While I don’t consider myself to be some sort of ascetic or societal recluse, I’ve found that more stuff equates to more stress. Each thing I own came with a small expectation of responsibility. I look into my closet and feel guilt. I glance into my desk drawers and see my neglect. When was the last time I wore this? Have I ever even used that? Instead of trying to distribute my time too thin among all of my possessions, I will simply get rid of most of them. I will eliminate a large part of stress in my life and I will truly cherish the few things that I own. — Kelly Sutton on the Cult of Less
The numinous Cult of Less as well as enlightening scripture like Bruce Sterling’s Virdian Green piece have converted me. I’m all fired up and ready for the purge. Yesterday I packed up four boxes of clutter and useless junk. I’m freeing up space and time. And now I’m investing in the items that matter.
Last week I forked over 100EURO for a pair of shoes, but I wear them every damn day and have replaced three half-broken, crippling pairs in their stead. Old papers have been my bane as well, but thanks to access to a scanner, I’m saving the most valuable ones and tossing the rest. My closet is on a constant swap cycle: I offload a bag or so every few weeks and take in 2-3 well made items to replace them.
What is “sustainability?” Sustainable practices navigate successfully through time and space, while others crack up and vanish. So basically, the sustainable is about time – time and space. You need to re-think your relationship to material possessions in terms of things that occupy your time. The things that are physically closest to you. Time and space. In earlier, less technically advanced eras, this approach would have been far-fetched. Material goods were inherently difficult to produce, find, and ship. They were rare and precious. They were closely associated with social prestige. Without important material signifiers such as wedding china, family silver, portraits, a coach-house, a trousseau and so forth, you were advertising your lack of substance to your neighbors. If you failed to surround yourself with a thick material barrier, you were inviting social abuse and possible police suspicion. So it made pragmatic sense to cling to heirlooms, renew all major purchases promptly, and visibly keep up with the Joneses. That era is dying. It’s not only dying, but the assumptions behind that form of material culture are very dangerous. These objects can no longer protect you from want, from humiliation – in fact they are causes of humiliation, as anyone with a McMansion crammed with Chinese-made goods and an unsellable SUV has now learned at great cost. Furthermore, many of these objects can damage you personally. The hours you waste stumbling over your piled debris, picking, washing, storing, re-storing, those are hours and spaces that you will never get back in a mortal lifetime. Basically, you have to curate these goods: heat them, cool them, protect them from humidity and vermin. Every moment you devote to them is lost to your children, your friends, your society, yourself. Sell – even give away– anything you never use. Fancy ball gowns, tuxedos, beautiful shoes wrapped in bubblepak that you never wear, useless Christmas gifts from well-meaning relatives, junk that you inherited. Sell that stuff. Take the money, get a real bed. Get radically improved everyday things. — Sterling
What about you? Up for drinking the Kool-Aid and joining the Cult of Less?
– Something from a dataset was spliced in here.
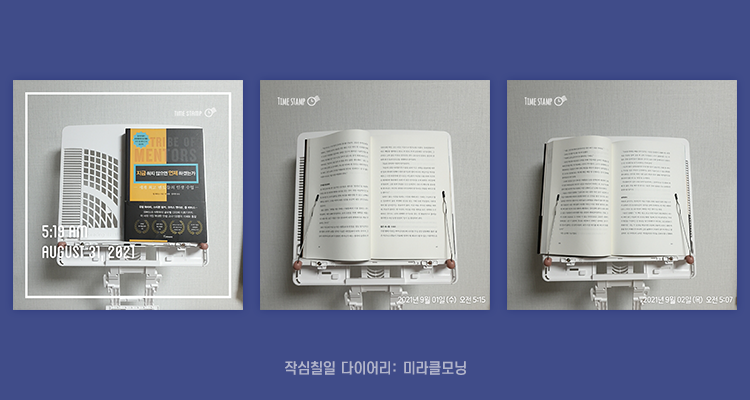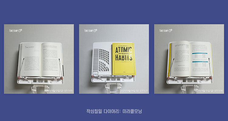 미라클모닝을 하면서 느낀 이 프로젝트의 최고 장점은 하루의 시작을 혼자 온전한 시간으로 보내니 온종일 긍정적인 생각을 하게 되는 것입니다. 정신이 건강해지는 미라클모닝, 여러분도 꼭 한번 도전해보세요!
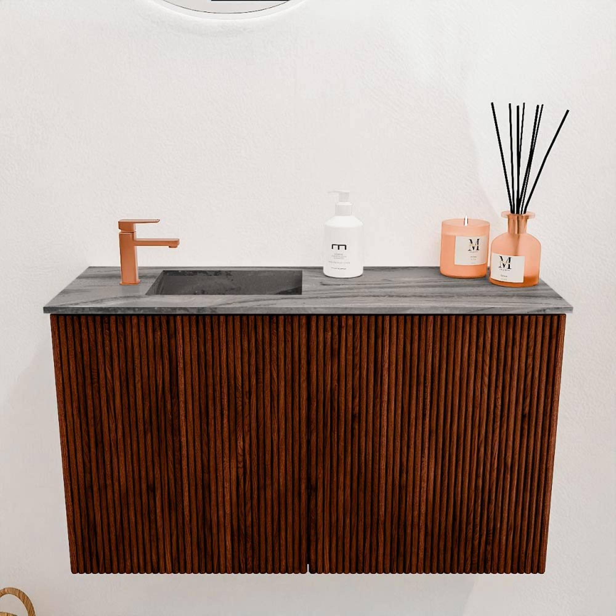 Mondiaz JOYA-DLUX 70cm meuble de salle de bains - couleur Ruby - Vasque FAYE position Gauche 1 trou de robinet couleur Sombra.

Update: Browsing around after writing this, I stumbled across Sean Bonner’s neat technomads blog. There’s also some fiery comments on BoingBoing. Most of them applauded the Cult of Less but a number of folks complained that “it’s nothing new” (whatever, neither are many great philosophies — that doesn’t make them less relevant) or that it’s impossible to completing fulfill the pledge of owning nothing (I often hear that sort of challenge when I tell people I’m vegetarian). It’s like if you’re going to take a stance for an improved lifestyle, people are ready to poke a hole in it and claim your commitment dead because you ate a gummy bear. It’s the spirit and effort to hold yourself to an ideal that matters. Of course there are compromises, but it’s that negotiation between idealism and pragmatism that is compelling. Strive to land on the positive side, although it may not work out every time.